> **EXERCISE AIM**: Range to copy from the entries below: the line containing "La familia Sofía" through the line containing "saltos altos femininos", inclusive. Retype only those lines, exactly, without any images.

> **GIVEN RECORDS**:
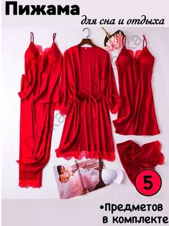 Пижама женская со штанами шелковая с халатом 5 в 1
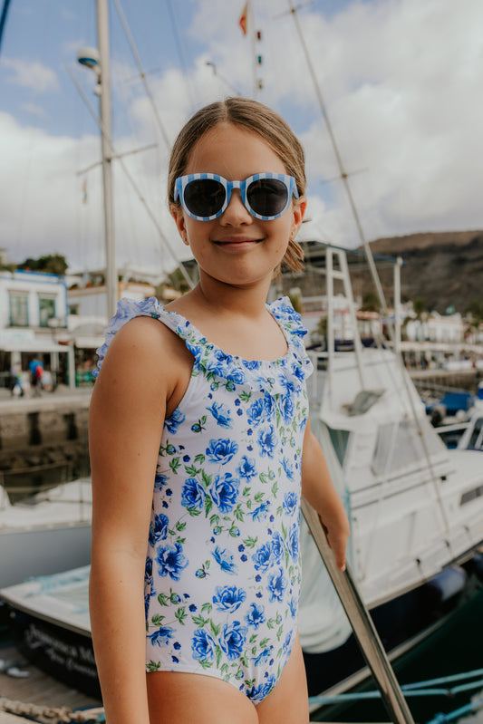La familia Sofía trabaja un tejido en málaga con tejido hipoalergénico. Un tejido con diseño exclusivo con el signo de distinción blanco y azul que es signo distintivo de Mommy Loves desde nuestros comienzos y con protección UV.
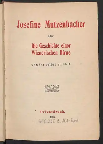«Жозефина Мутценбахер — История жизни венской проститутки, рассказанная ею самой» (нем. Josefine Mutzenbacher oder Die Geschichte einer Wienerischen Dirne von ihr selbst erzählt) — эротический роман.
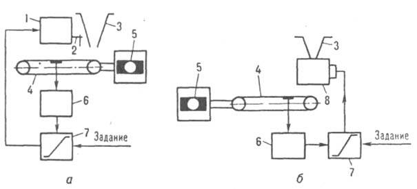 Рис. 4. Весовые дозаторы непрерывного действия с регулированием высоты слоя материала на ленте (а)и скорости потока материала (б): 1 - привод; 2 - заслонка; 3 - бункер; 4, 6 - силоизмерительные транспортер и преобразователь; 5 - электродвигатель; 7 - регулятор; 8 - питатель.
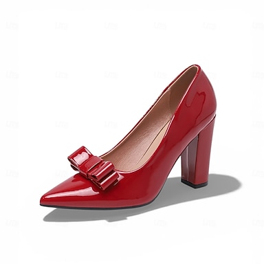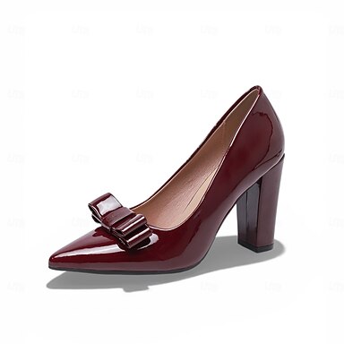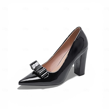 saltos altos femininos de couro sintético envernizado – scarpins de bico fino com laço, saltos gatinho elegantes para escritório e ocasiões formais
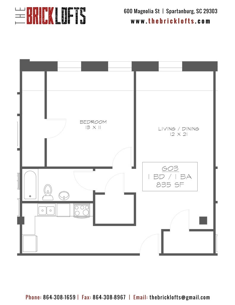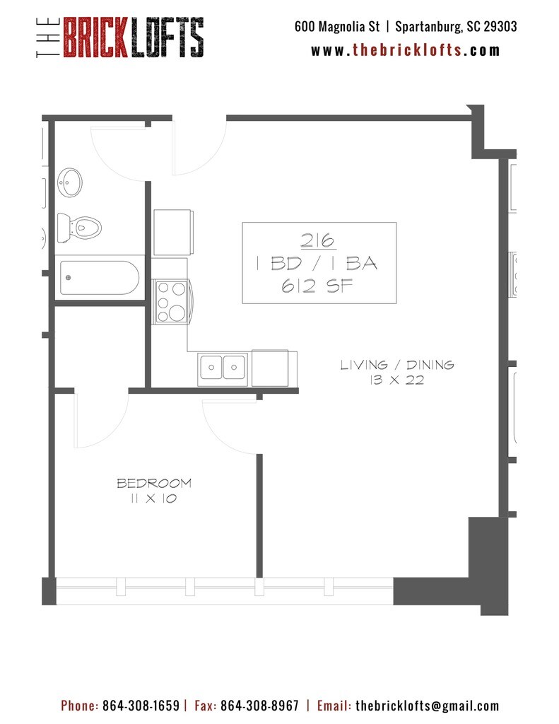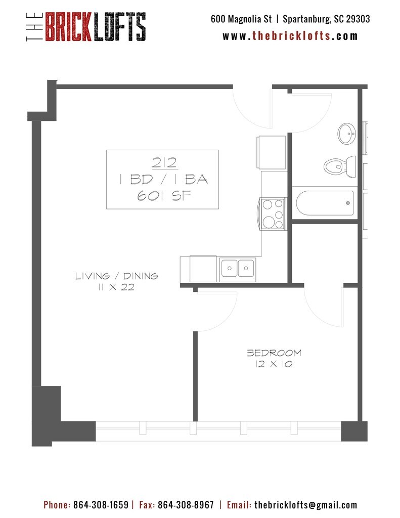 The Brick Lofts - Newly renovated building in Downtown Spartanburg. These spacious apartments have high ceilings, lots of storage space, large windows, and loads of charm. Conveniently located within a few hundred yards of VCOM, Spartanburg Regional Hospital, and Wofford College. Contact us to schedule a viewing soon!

> **ANSWER TO THE PROBLEM**:
La familia Sofía trabaja un tejido en málaga con tejido hipoalergénico. Un tejido con diseño exclusivo con el signo de distinción blanco y azul que es signo distintivo de Mommy Loves desde nuestros comienzos y con protección UV.
«Жозефина Мутценбахер — История жизни венской проститутки, рассказанная ею самой» (нем. Josefine Mutzenbacher oder Die Geschichte einer Wienerischen Dirne von ihr selbst erzählt) — эротический роман.
 Рис. 4. Весовые дозаторы непрерывного действия с регулированием высоты слоя материала на ленте (а)и скорости потока материала (б): 1 - привод; 2 - заслонка; 3 - бункер; 4, 6 - силоизмерительные транспортер и преобразователь; 5 - электродвигатель; 7 - регулятор; 8 - питатель.
 saltos altos femininos de couro sintético envernizado – scarpins de bico fino com laço, saltos gatinho elegantes para escritório e ocasiões formais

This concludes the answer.